More than one in three riders has been injured on the job, with the vast majority (80%) receiving no support from their company.

Click here for the full court transcript and highlighted quotes.

Click here for the full transcript: Uber transcript

The Federal Court judges took a sceptical view of Uber's contention that:


It was not involved in delivery work (J Bromberg: "Except Uber has a longstanding reputation, if you like, in the transport business", "The very name Uber would convey to the ordinary person some form of transportation service; wouldn't it?")
It does not pay its drivers (Uber lawyer: "So, yes, physically the money - the money - physically, electronically, the money passes from the credit card of the customer into Uber's hands before - and is then held by Uber. Uber deducts its service fee and pays the restaurant - the service fee that it charges the restaurant for the services that it has rendered in bringing the customer and the restaurant and the delivery partner together.")
Its delivery drivers are neither employees nor independent contractors (J Bromberg: "is your case dependent upon the court finding that, not only is there not a relationship of employee between the worker and Uber, but also that there's not a relationship of independent contractor between the worker and Uber."
It has no idea what the relationship with them isJ White: "Your client has drawn up this careful contract with all these provisions in it, and either does not have a view as to what is the correct characterisation of the relationship or is not willing to disclose it to this court.")
Its drivers are independent contractors without businesses J Bromberg: "Well, that's a question for legal characterisation. But you say that you can be an independent contractor and not have a business? I can understand if you said an independent contractor can be someone with a very simple business. But the facts here seem to be, and they seem to be accepted, that the applicant does not have a business. Can you be an independent contractor without a business?"
Its drivers have so little relationship to Uber that they can accept to deliver a meal and then steal it J Bromberg: "It's a bit hard to imagine, Mr Neil - whether the driver is an employee or an independent contractor, it's just a bit hard to imagine that Uber would continue to provide tasks for a person who keeps absconding with the meal."
That delivery riders can negotiate their fee with Uber - though only for a lower rate J White: "Who specifies the fee? Uber lawyer: " In general terms, it's specified, effectively, by Uber. But the delivery the capacity to negotiate a lower fee."
Whether Uber's efforts through its contracts to distance itself from its drivers actually bear out in reality J White: "Again, I'm just wondering whether we're operating in the real world."


----------



## UberDriverAU (Nov 4, 2015)

It's very good to see some really tough questioning from real judges, rather than the bs that had been going on at the FWC. The FWC really needs to brush up on relevant court judgments, because as the transcripts show, this should not have gotten so far into the court system. I can just imagine the field day the Justices would have had if they were required to publish a judgment.


----------



## Jack Malarkey (Jan 11, 2016)

Michael West:

https://www.michaelwest.com.au/uber-xploitation-ubers-secret-settlement-presages-a-wave-of-lawsuits/
[HEADING=2]Uber Xploitation: Uber's secret settlement presages a wave of lawsuits[/HEADING]
by Callum Foote | Jan 25, 2021 | Business

The Government's fetish for deregulation plays right into the hands of predatory multinationals Uber and Deliveroo which exploit both Australia's tax and labour laws to siphon profits overseas. Michael West and Callum Foote report on Uber's exploitation and the prospective tsunami of lawsuits rolling its way.

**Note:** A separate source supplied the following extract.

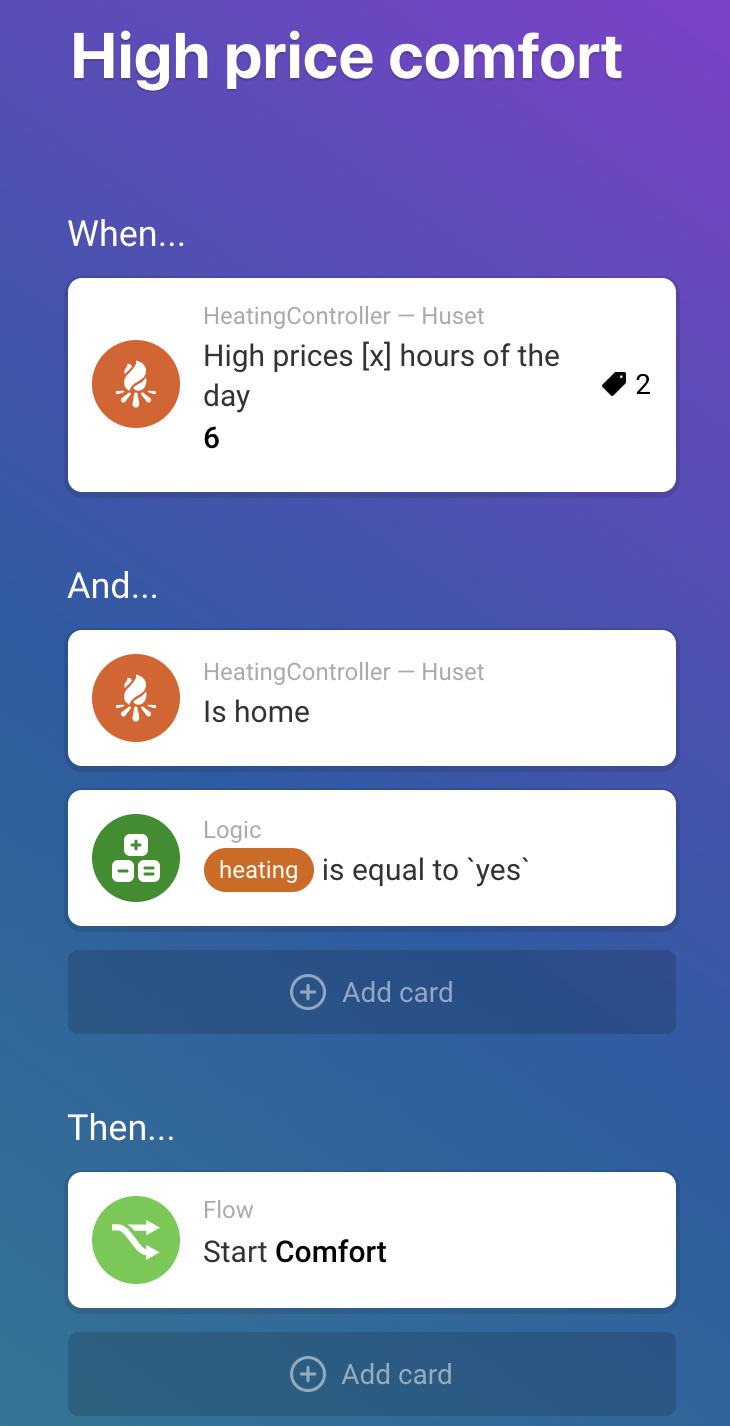 Maybe I am misunderstanding the function. I was under the impression that when there are high prices 6 hours of the day it would regulate the temperature down a couple of degrees, and outside of the 6 hours it would use the temperatures set in ‘Comfort mode’ rule, or if it was 2 consequative hours it would skip.

Picture the Uber or Deliveroo driver belting down the expressway in the pouring rain on a moped. It's night time, the trucks are whizzing past. The rider is hell-bent on getting that pizza to its destination on time and getting that $15 fee. No sick leave for this worker: no holiday leave either, no superannuation, no workplace cover, no insurance.

This poor sod is not a worker though, rather a partner, yes a "partner" of Uber. Not an employee, not really even a contractor - that's too legally binding for Uber - rather, a "Partner".

On the one side of this uniquely dubious "partnership", there is Uber, a multinational colossus with its slick hedge fund financiers, its billions in capital, its phalanx of lawyers and accountants, its PR people and government lobbyists.

On the other side of this "partnership" is the person on the moped in the wet-weather gear.
[HEADING=3]Uber settles out of court[/HEADING]
Last month, cloaked in the media darkness of Christmas, Uber Australia quietly agreed to settle a lawsuit out of court with a couple of its delivery drivers, its so-called "partners".

The details of the deal are a secret, precisely the way Uber likes it.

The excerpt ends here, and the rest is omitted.